● **Activity**: Your reply should reproduce the data below without a single alteration, apart from dropping the images.

★ ★ ★ ★ ★

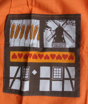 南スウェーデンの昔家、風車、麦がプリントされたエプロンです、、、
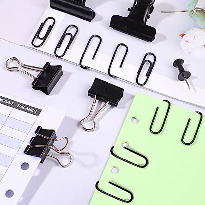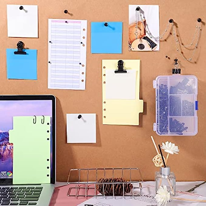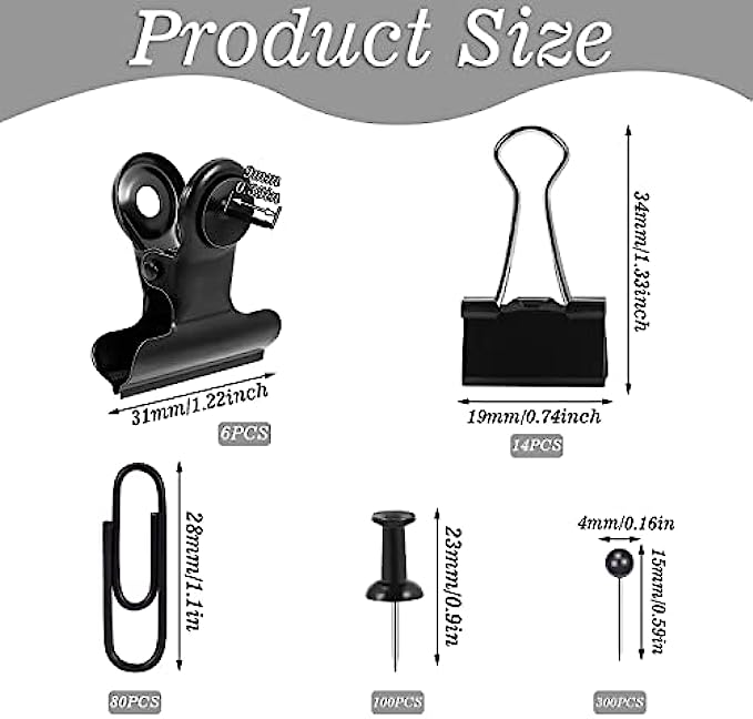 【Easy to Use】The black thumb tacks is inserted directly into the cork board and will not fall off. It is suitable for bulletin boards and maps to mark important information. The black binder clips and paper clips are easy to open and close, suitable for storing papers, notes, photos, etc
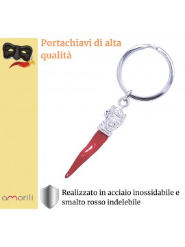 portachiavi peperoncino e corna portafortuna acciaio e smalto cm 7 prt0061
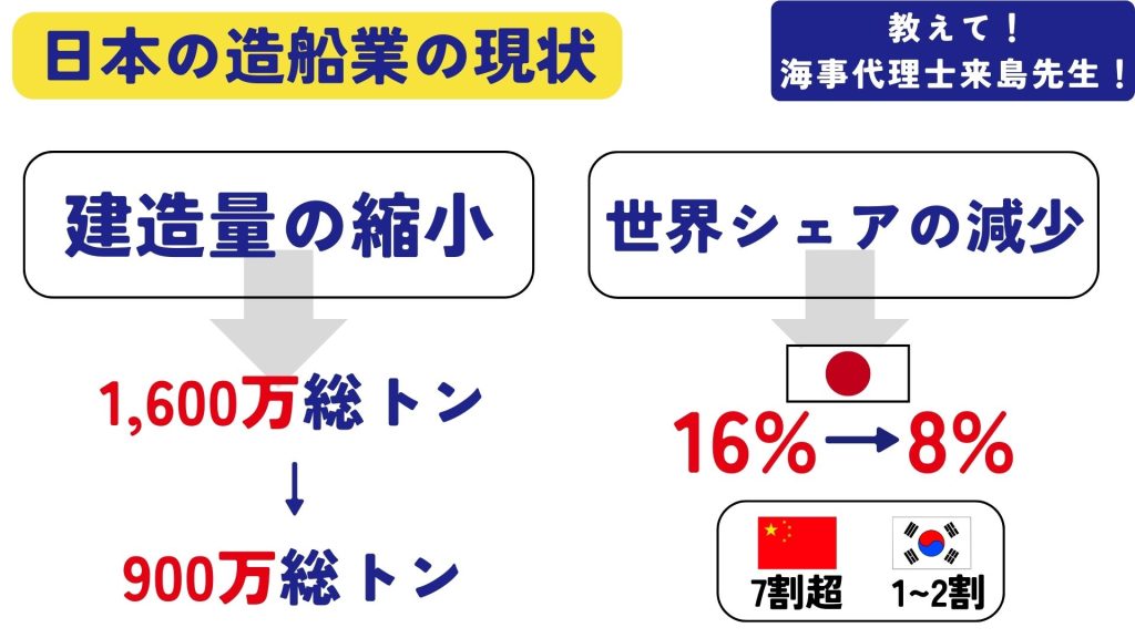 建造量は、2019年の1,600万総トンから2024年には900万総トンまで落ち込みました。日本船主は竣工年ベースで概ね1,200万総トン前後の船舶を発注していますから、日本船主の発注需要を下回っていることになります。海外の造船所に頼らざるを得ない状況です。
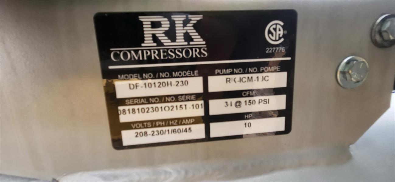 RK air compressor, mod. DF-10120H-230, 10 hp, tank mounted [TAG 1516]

★ ★ ★ ★ ★

● **Answer below**:
 南スウェーデンの昔家、風車、麦がプリントされたエプロンです、、、
 【Easy to Use】The black thumb tacks is inserted directly into the cork board and will not fall off. It is suitable for bulletin boards and maps to mark important information. The black binder clips and paper clips are easy to open and close, suitable for storing papers, notes, photos, etc
 portachiavi peperoncino e corna portafortuna acciaio e smalto cm 7 prt0061
 建造量は、2019年の1,600万総トンから2024年には900万総トンまで落ち込みました。日本船主は竣工年ベースで概ね1,200万総トン前後の船舶を発注していますから、日本船主の発注需要を下回っていることになります。海外の造船所に頼らざるを得ない状況です。
 RK air compressor, mod. DF-10120H-230, 10 hp, tank mounted [TAG 1516]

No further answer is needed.